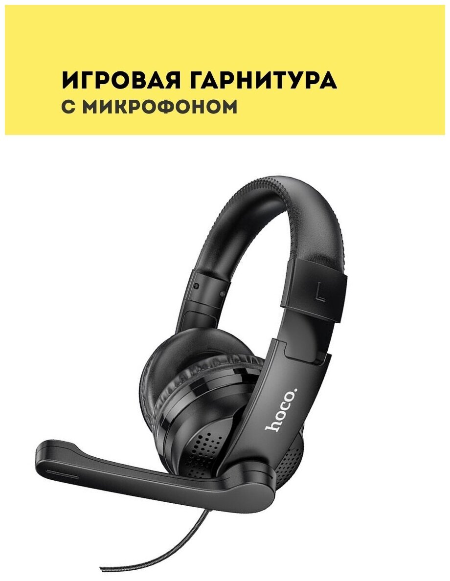 Наушники Hoco W103, игровые, полноразмерные, микрофон, 3.5 мм, 1.2 м, черные информация:
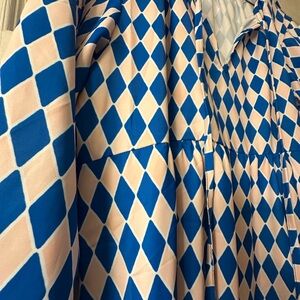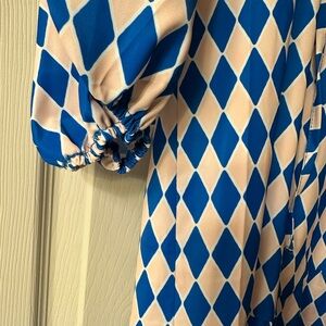 Beautiful dress! Light pink, royal blue with white outlined diamond pattern. EUC
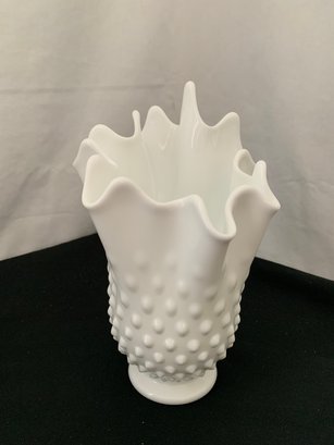 Fenton white handkerchief swung vase ~8"
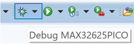 要配置第二个编程器PICO,请在zip文件中找到DAPLink Interface Binary目录,并定位其中的二进制文件。断开第二个编程器PICO与USB端口的连接,然后按住编程器PICO上的按钮,同时将其重新插入USB端口。如前所述,此时应该出现一个名为MAINTENANCE的驱动器。将DAPLink Interface Binary目录下的二进制文件(max32625_max32625pico_if_crc.bin)拖到MAINTENANCE驱动器。这将使用接口软件配置编程器PICO,并允许使用Eclipse单步执行目标代码。完成上述操作后,MAINTENANCE驱动器应该消失,编程器PICO将重新启动,并会出现一个DAPLINK驱动器。在此阶段,建议将编程线缆连接到编程器PICO,以将其与目标PICO区分开来。
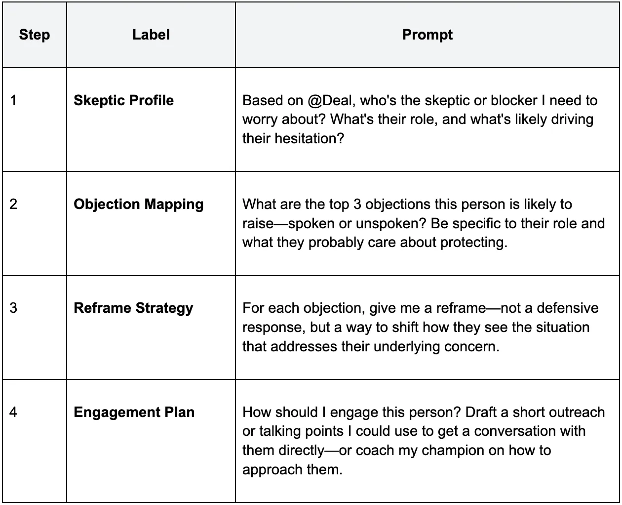 Maybe it’s IT worrying about implementation tickets and their backlog. Maybe it’s a manager who vouched for the legacy system. Most reps try to ignore this person, hoping the Champion can steamroll them. Or worse, they try to "handle" the skeptic with canned objection responses that sound defensive.

++++

◆ EXERCISE:
Pictures are not part of the copy. Restate everything else in the listing word for word.

◆ PROBLEM SOLUTION:
 Наушники Hoco W103, игровые, полноразмерные, микрофон, 3.5 мм, 1.2 м, черные информация:
 Beautiful dress! Light pink, royal blue with white outlined diamond pattern. EUC
 Fenton white handkerchief swung vase ~8"
 要配置第二个编程器PICO,请在zip文件中找到DAPLink Interface Binary目录,并定位其中的二进制文件。断开第二个编程器PICO与USB端口的连接,然后按住编程器PICO上的按钮,同时将其重新插入USB端口。如前所述,此时应该出现一个名为MAINTENANCE的驱动器。将DAPLink Interface Binary目录下的二进制文件(max32625_max32625pico_if_crc.bin)拖到MAINTENANCE驱动器。这将使用接口软件配置编程器PICO,并允许使用Eclipse单步执行目标代码。完成上述操作后,MAINTENANCE驱动器应该消失,编程器PICO将重新启动,并会出现一个DAPLINK驱动器。在此阶段,建议将编程线缆连接到编程器PICO,以将其与目标PICO区分开来。
 Maybe it’s IT worrying about implementation tickets and their backlog. Maybe it’s a manager who vouched for the legacy system. Most reps try to ignore this person, hoping the Champion can steamroll them. Or worse, they try to "handle" the skeptic with canned objection responses that sound defensive.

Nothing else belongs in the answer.